◆ **Required work**: Copy each line of the records exactly, stopping only after the line that contains "Completely enclosed by" has been written, and leave pictures out.

◆ **Materials provided**:
◆ ◆ ◆ ◆ ◆ ◆ ◆

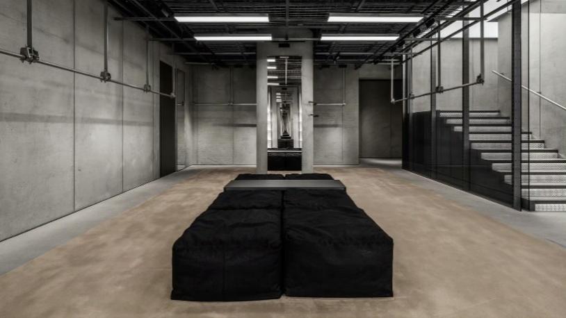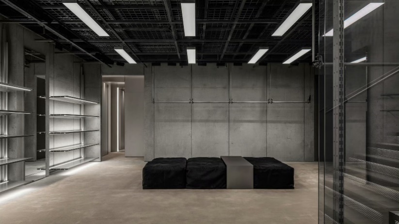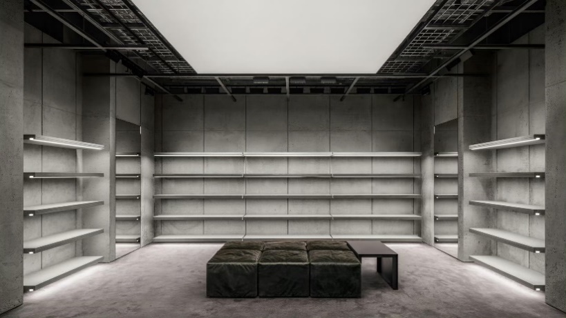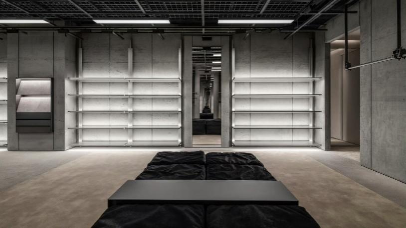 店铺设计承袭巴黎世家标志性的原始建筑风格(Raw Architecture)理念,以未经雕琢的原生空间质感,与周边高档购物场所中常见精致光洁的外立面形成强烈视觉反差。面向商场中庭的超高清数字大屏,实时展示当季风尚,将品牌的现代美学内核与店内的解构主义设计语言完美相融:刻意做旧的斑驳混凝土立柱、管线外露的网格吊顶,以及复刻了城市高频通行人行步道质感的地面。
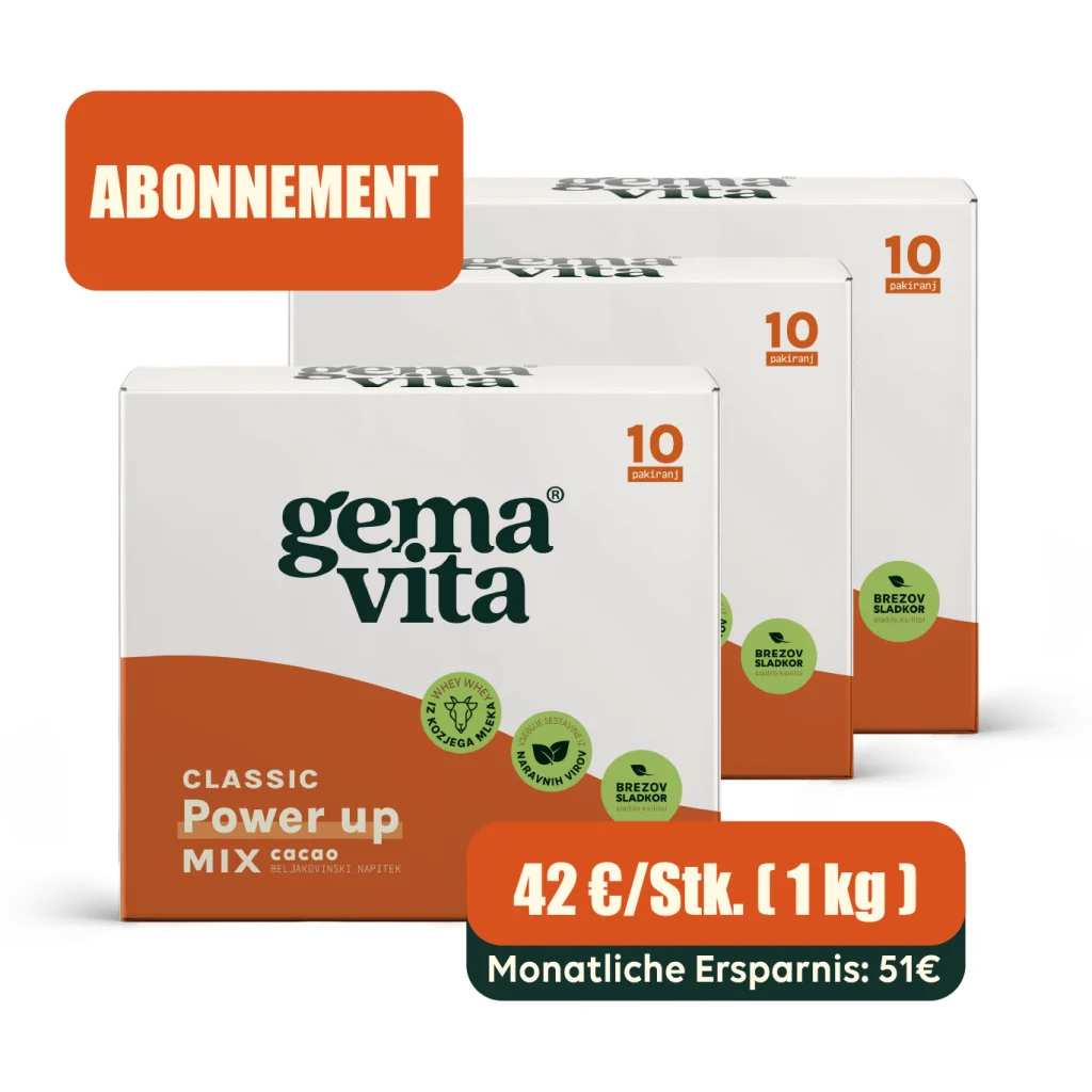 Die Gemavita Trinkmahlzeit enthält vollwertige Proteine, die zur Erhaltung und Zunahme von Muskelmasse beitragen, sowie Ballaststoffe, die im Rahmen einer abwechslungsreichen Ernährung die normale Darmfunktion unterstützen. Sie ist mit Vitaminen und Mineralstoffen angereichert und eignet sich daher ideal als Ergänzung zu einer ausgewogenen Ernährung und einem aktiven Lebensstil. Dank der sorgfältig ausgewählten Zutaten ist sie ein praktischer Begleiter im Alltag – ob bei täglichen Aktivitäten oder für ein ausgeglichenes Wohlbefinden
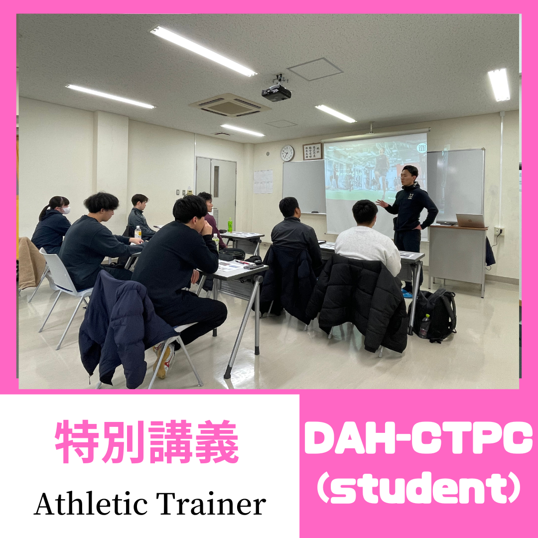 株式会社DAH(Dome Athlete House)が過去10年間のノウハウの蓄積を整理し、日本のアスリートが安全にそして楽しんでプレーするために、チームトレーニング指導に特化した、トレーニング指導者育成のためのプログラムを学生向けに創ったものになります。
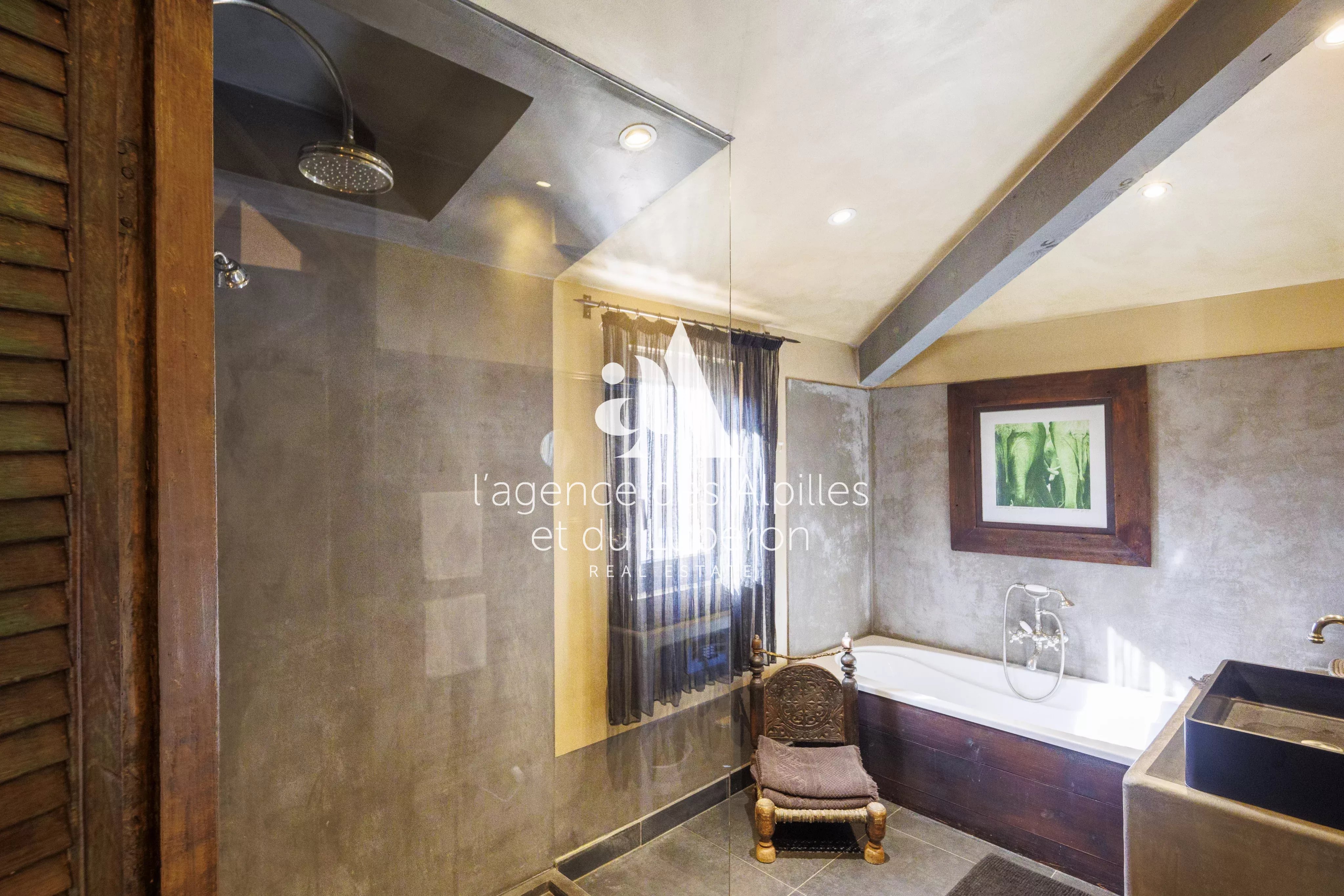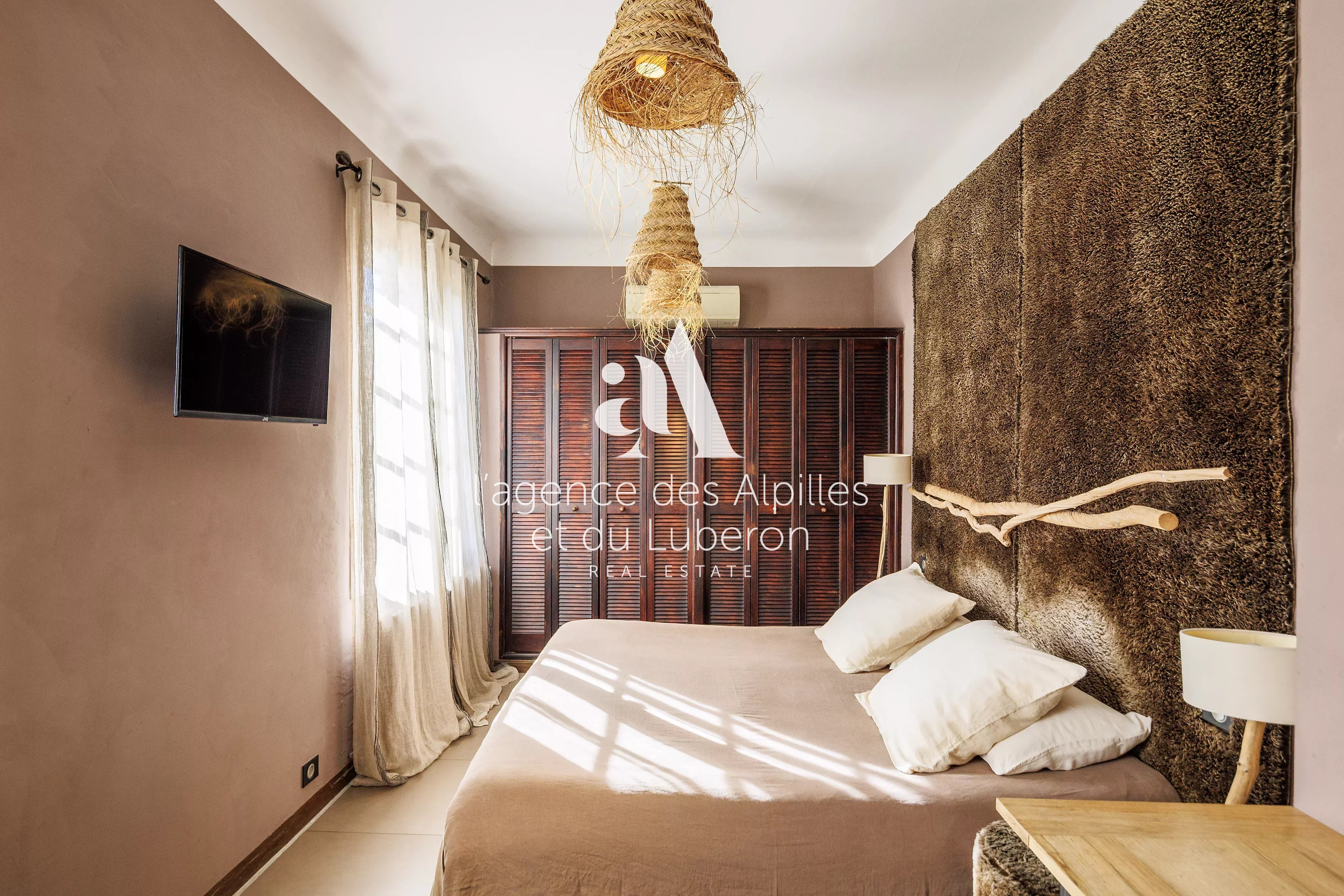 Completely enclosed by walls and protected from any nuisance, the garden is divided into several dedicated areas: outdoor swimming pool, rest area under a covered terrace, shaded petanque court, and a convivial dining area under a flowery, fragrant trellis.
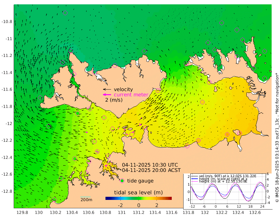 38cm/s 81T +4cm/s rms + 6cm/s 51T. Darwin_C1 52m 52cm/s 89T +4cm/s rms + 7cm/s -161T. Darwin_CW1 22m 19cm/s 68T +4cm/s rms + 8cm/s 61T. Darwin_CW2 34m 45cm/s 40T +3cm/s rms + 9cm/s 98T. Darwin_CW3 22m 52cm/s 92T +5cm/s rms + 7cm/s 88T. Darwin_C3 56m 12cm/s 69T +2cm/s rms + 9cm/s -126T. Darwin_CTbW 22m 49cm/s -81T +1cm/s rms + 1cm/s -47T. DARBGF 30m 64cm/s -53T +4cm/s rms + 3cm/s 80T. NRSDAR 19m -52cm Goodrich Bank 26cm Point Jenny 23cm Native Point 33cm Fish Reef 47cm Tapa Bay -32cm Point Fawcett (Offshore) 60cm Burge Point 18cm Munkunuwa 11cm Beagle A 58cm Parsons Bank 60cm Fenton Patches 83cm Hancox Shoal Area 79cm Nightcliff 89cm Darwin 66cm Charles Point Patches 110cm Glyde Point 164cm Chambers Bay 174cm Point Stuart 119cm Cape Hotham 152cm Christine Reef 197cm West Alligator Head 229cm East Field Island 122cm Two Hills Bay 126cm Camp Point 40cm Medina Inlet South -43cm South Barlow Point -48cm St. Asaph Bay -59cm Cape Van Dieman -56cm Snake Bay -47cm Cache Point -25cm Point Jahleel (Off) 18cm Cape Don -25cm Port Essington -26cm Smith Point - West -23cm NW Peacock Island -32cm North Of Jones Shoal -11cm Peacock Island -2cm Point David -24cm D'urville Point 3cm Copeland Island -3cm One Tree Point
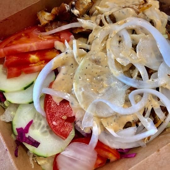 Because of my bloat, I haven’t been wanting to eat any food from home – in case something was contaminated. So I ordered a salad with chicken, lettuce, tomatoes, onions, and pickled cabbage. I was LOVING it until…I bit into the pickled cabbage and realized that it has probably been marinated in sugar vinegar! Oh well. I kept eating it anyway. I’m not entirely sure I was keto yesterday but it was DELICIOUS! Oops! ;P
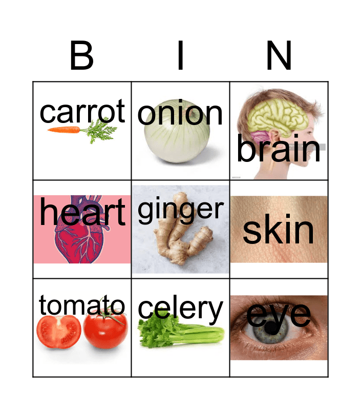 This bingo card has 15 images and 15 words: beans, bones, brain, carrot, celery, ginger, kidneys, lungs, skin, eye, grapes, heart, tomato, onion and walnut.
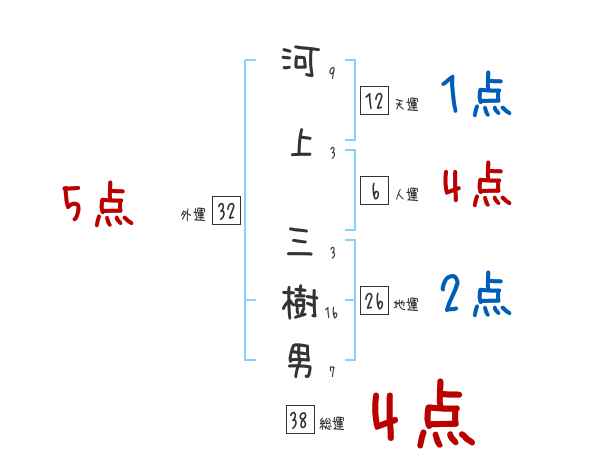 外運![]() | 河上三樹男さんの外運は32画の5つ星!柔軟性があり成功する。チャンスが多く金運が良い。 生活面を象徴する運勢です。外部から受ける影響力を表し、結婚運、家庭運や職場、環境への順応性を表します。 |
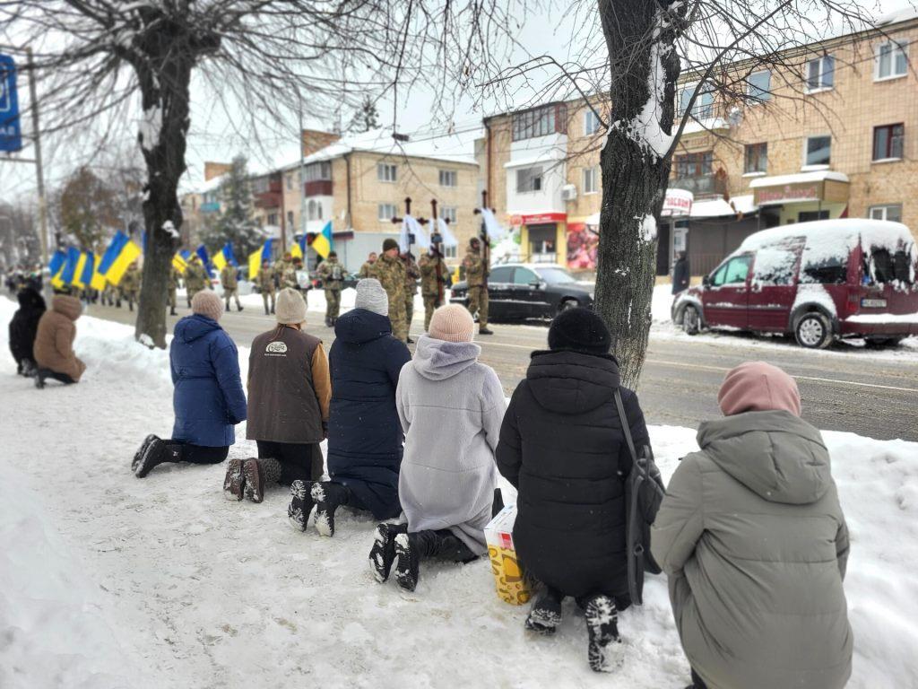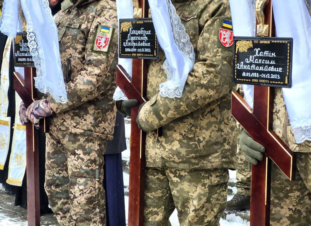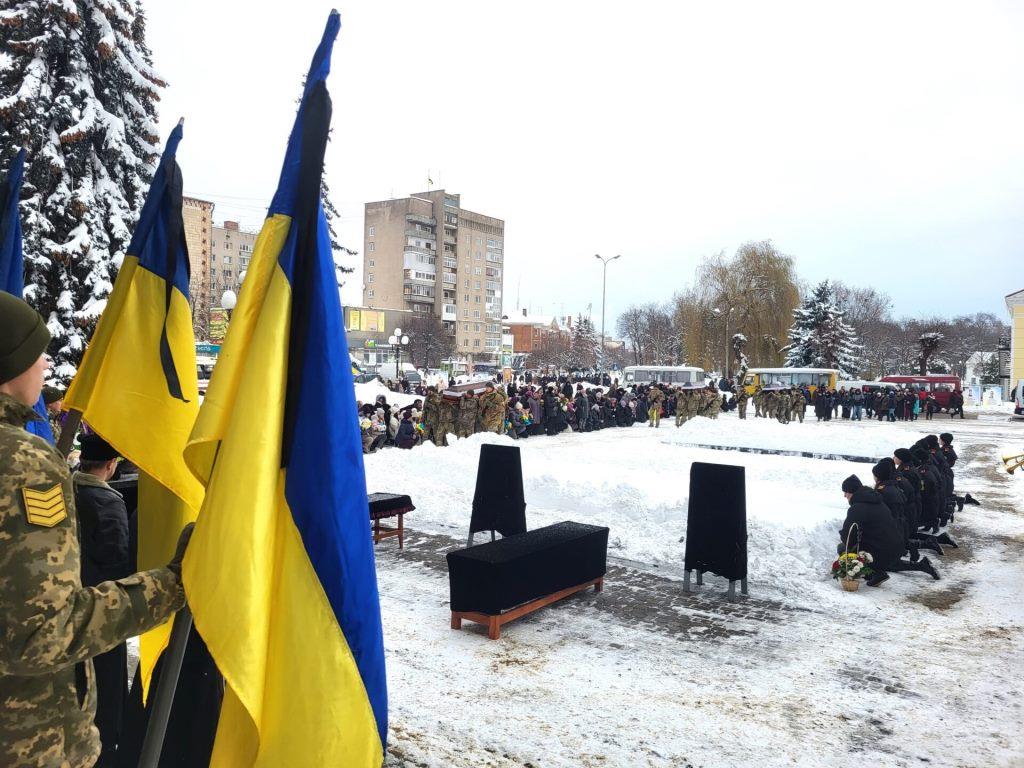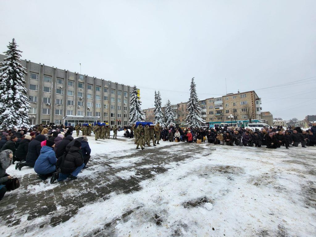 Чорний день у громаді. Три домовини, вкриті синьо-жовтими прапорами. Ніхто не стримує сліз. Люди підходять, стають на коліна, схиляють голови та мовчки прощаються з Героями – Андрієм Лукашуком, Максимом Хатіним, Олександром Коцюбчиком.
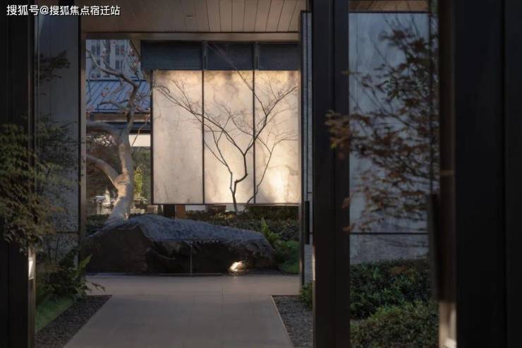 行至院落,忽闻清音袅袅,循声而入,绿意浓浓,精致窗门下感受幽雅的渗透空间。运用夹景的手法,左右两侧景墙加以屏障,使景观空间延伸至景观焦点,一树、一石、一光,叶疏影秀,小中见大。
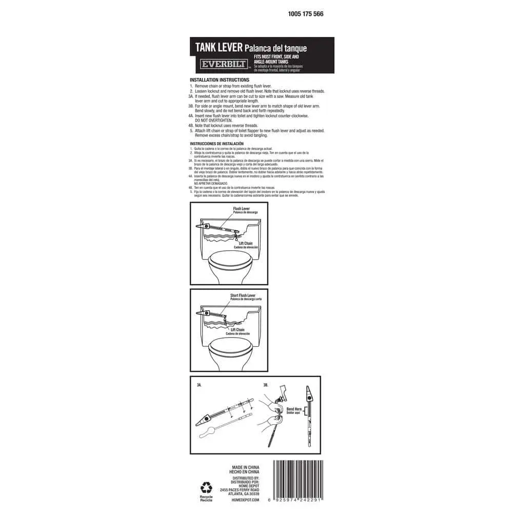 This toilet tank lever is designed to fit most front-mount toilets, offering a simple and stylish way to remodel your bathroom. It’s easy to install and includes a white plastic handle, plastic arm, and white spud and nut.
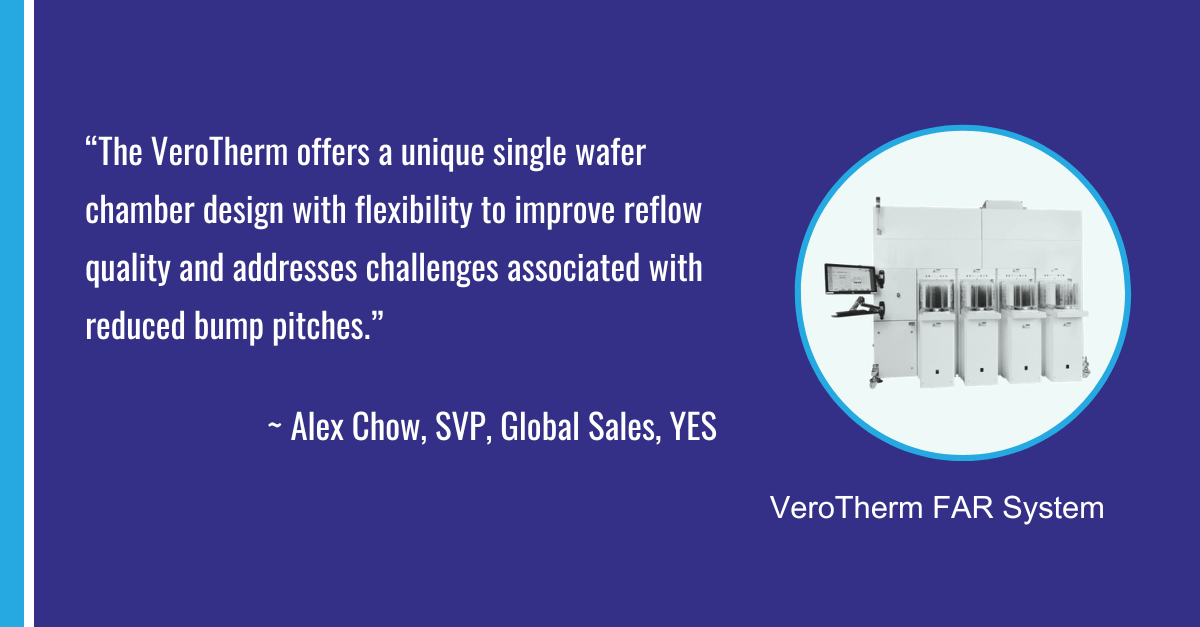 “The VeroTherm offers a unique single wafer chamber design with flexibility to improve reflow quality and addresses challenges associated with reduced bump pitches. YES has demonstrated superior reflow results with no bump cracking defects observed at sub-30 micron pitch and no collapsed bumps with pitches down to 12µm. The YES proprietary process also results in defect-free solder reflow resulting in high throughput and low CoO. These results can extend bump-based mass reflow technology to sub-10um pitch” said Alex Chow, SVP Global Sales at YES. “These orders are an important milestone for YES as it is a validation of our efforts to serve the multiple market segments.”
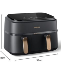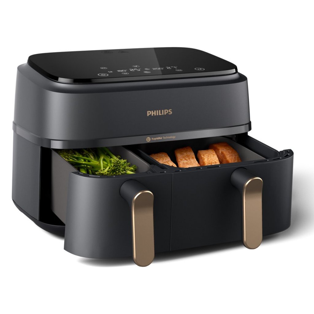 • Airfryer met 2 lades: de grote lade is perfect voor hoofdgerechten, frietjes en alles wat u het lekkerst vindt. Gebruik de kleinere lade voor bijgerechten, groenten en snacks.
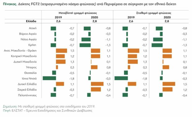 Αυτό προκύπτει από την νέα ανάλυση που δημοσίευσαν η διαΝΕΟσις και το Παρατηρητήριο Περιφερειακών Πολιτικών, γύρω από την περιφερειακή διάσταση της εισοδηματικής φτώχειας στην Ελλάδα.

◆ ◆ ◆ ◆ ◆ ◆ ◆

◆ **Your response**:
 店铺设计承袭巴黎世家标志性的原始建筑风格(Raw Architecture)理念,以未经雕琢的原生空间质感,与周边高档购物场所中常见精致光洁的外立面形成强烈视觉反差。面向商场中庭的超高清数字大屏,实时展示当季风尚,将品牌的现代美学内核与店内的解构主义设计语言完美相融:刻意做旧的斑驳混凝土立柱、管线外露的网格吊顶,以及复刻了城市高频通行人行步道质感的地面。
 Die Gemavita Trinkmahlzeit enthält vollwertige Proteine, die zur Erhaltung und Zunahme von Muskelmasse beitragen, sowie Ballaststoffe, die im Rahmen einer abwechslungsreichen Ernährung die normale Darmfunktion unterstützen. Sie ist mit Vitaminen und Mineralstoffen angereichert und eignet sich daher ideal als Ergänzung zu einer ausgewogenen Ernährung und einem aktiven Lebensstil. Dank der sorgfältig ausgewählten Zutaten ist sie ein praktischer Begleiter im Alltag – ob bei täglichen Aktivitäten oder für ein ausgeglichenes Wohlbefinden
 株式会社DAH(Dome Athlete House)が過去10年間のノウハウの蓄積を整理し、日本のアスリートが安全にそして楽しんでプレーするために、チームトレーニング指導に特化した、トレーニング指導者育成のためのプログラムを学生向けに創ったものになります。
 Completely enclosed by walls and protected from any nuisance, the garden is divided into several dedicated areas: outdoor swimming pool, rest area under a covered terrace, shaded petanque court, and a convivial dining area under a flowery, fragrant trellis.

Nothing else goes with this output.